## TO DO:
Return all the lines below exactly. Any picture among them is omitted.

## DATA SECTION:

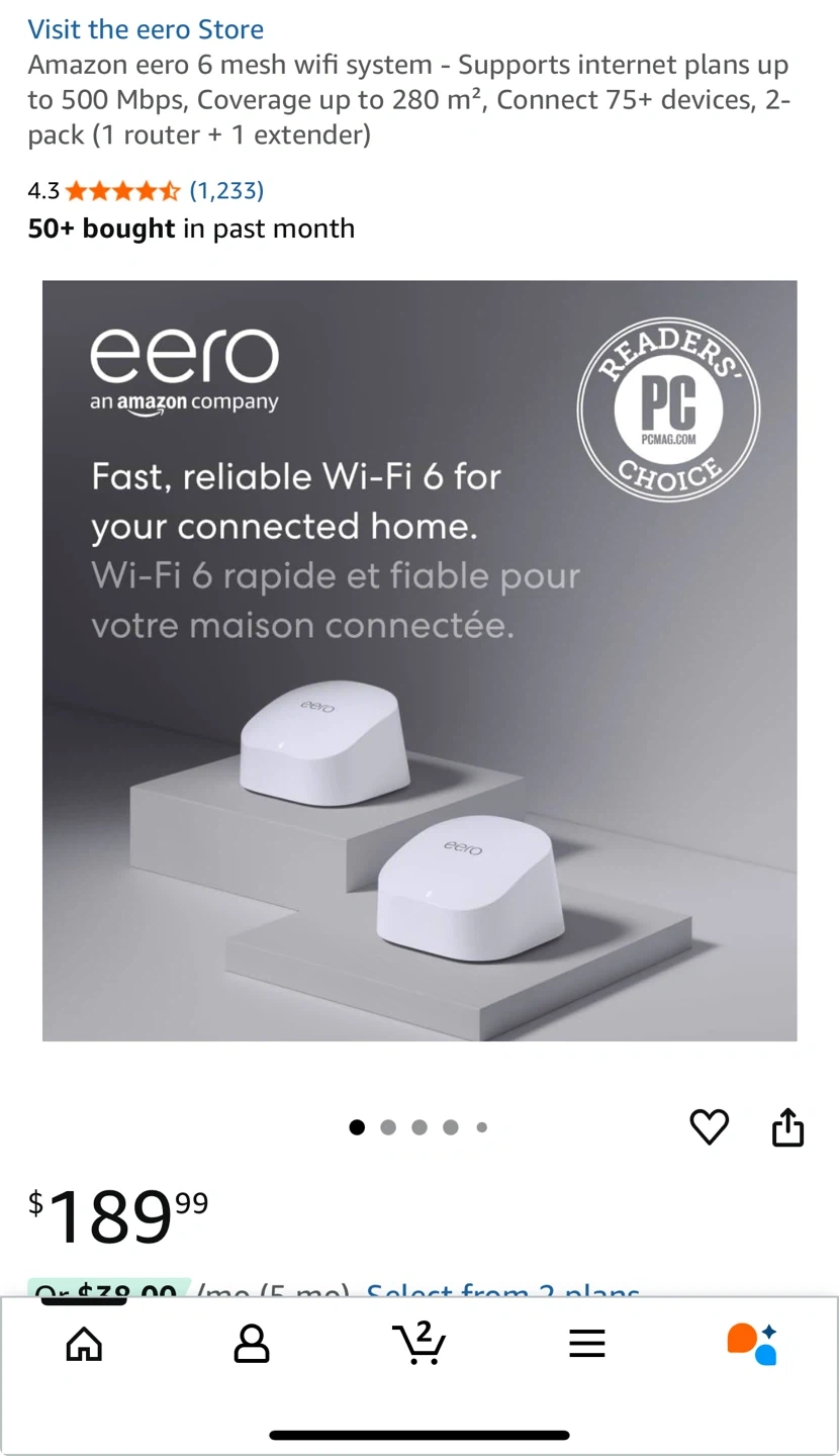 83Selling an eero 6 mesh wifi system. Supports internet plans up to 500 Mbps, with coverage up to 280 m². It can connect 75+ devices. Includes 1 router and 1 extender. Comes with the box and all original components
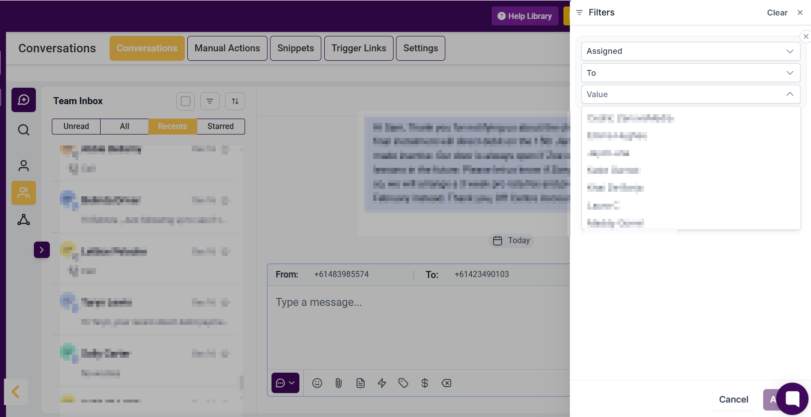 Assigned To: You can view messages assigned to specific team members by clicking the Assigned To button. Once you do, you will see a dropdown list of your team members. Click on one or more team members, then click Apply to view the conversations assigned to them.
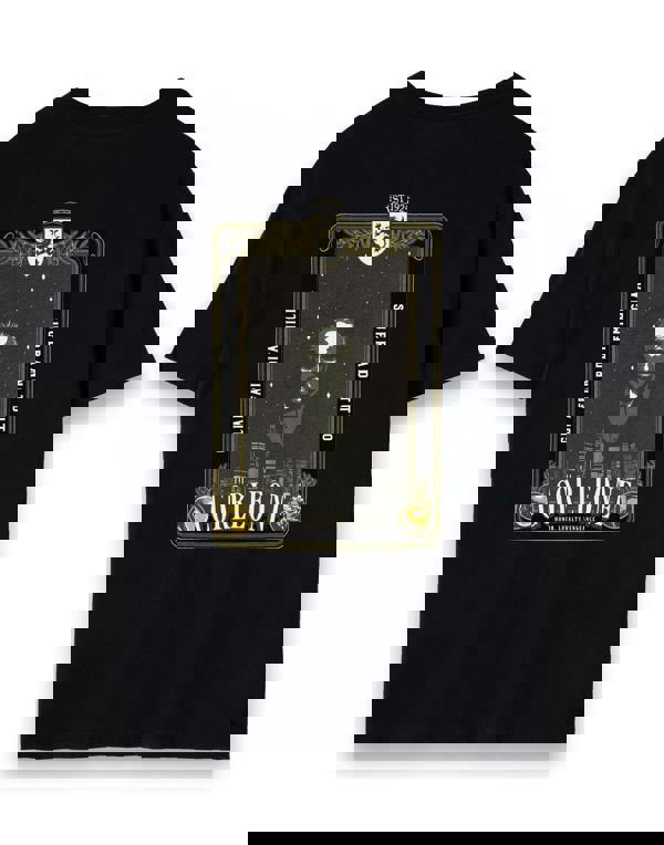 The clothing comes in black, featuring a graphic print of Vito Corleone in New York City 1925, where he founded his family business, finished with Italian text 'GLI AFFARI DI FAMIGLIA SUPERANO TUTTO'

## ANSWER FOR THIS EXERCISE:
 83Selling an eero 6 mesh wifi system. Supports internet plans up to 500 Mbps, with coverage up to 280 m². It can connect 75+ devices. Includes 1 router and 1 extender. Comes with the box and all original components
 Assigned To: You can view messages assigned to specific team members by clicking the Assigned To button. Once you do, you will see a dropdown list of your team members. Click on one or more team members, then click Apply to view the conversations assigned to them.
 The clothing comes in black, featuring a graphic print of Vito Corleone in New York City 1925, where he founded his family business, finished with Italian text 'GLI AFFARI DI FAMIGLIA SUPERANO TUTTO'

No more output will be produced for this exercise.